Пендергаст подошел к лачуге. Там, развалившись на шезлонге, сидел молодой человек, небритый и неопрятный, с солнцезащитными очками на носу, в драных выцветших джинсах, обрезанных до середины бедра. Он был без рубашки, словно демонстрировал мускулистую бронзовую грудь. По его животу проходил длинный узкий шрам (судя по характеру оставшихся следов, швы были недавно удалены), словно проведенная тонкой кисточкой белая линия на оливковой коже. Черные волосы были зачесаны назад и завязаны в плотный хвостик, а на шее красовалась алая бандана. С одной стороны шезлонга стояла большая кружка кофе, с другой — полупустая бутылка пива «Корона» с капельками воды на запотевшем стекле. Из тьмы хижины доносилось слабое потрескивание полицейского УКВ-сканера.
Почувствовав приближение Пендергаста, человек оглянулся. Несколько секунд эти двое просто смотрели друг на друга. Потом человек в шезлонге кивнул.
— Закадычный друг, — сказал он.
— Агент Колдмун.
— Хорошая у нас стоит погода.
— Совершенно восхитительная.
Человек по имени Колдмун показал на одну из пустых нефтяных бочек:
— Прошу, садитесь.
— Огромное спасибо, но я предпочту постоять.

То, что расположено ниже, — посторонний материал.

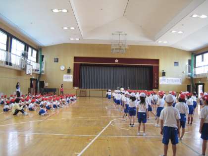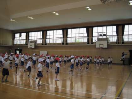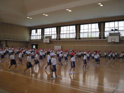 先週から、6月7日の運動会に向けて、各学年の練習が始まりました。1年生は、2年生の演技をお手本にして、楽しく団体演技の練習に取り組んでいます。

— Как хотите. Тогда, может, кофе? — Он показал на большой стальной чайник, кипевший в темноте хижины.
Пендергаст не ответил.
Колдмун сделал большой глоток пива:
— Забавно. Я думал, больше вас не увижу. По крайней мере, здесь, во Флориде.
— Мне пришлось задержаться. И я мог бы то же самое сказать о вас. Помнится, вас выпустили из больницы неделю назад. Почему вы все еще здесь?
Колдмун пожал плечами:
— Я выздоравливаю. Снега Колорадо могут подождать.
— А как вы оказались в этом живописном месте? — Пендергаст повел рукой в сторону жилых прицепов, песка и болотной травы.
— Думаю, мне просто повезло. Арендная плата практически нулевая. Я сел на автобус «Грейхаунд» направлением на юг от Майами в поисках подходящего места, чтобы очистить голову от мыслей о мистере Брокенхартсе и его убийствах. Решил сойти здесь.
Экстравагантность такого решения сделала для Пендергаста его поиски гораздо более трудными, чем они могли бы быть.
— Значит, вы решили закончить ваше выздоровление превращением в коренного, — сказал Пендергаст.
— Осторожнее с выбором слов, Пендергаст. Я и без того коренной — лакота.
— Конечно. Но давайте не будем забывать вашу дорогую матушку-итальянку.
Пендергаст знал, что у Колдмуна двойственное отношение к этому факту: он считал, что его индейское происхождение подпорчено европейской кровью.
— Non mi rompere i coglioni[24], — ответил Колдмун, сопровождая свои слова оскорбительным итальянским жестом.
— Позвольте мне перейти к делу. Вы следили за историей необычного плавучего мусора, вынесенного недавно на берег острова Каптива?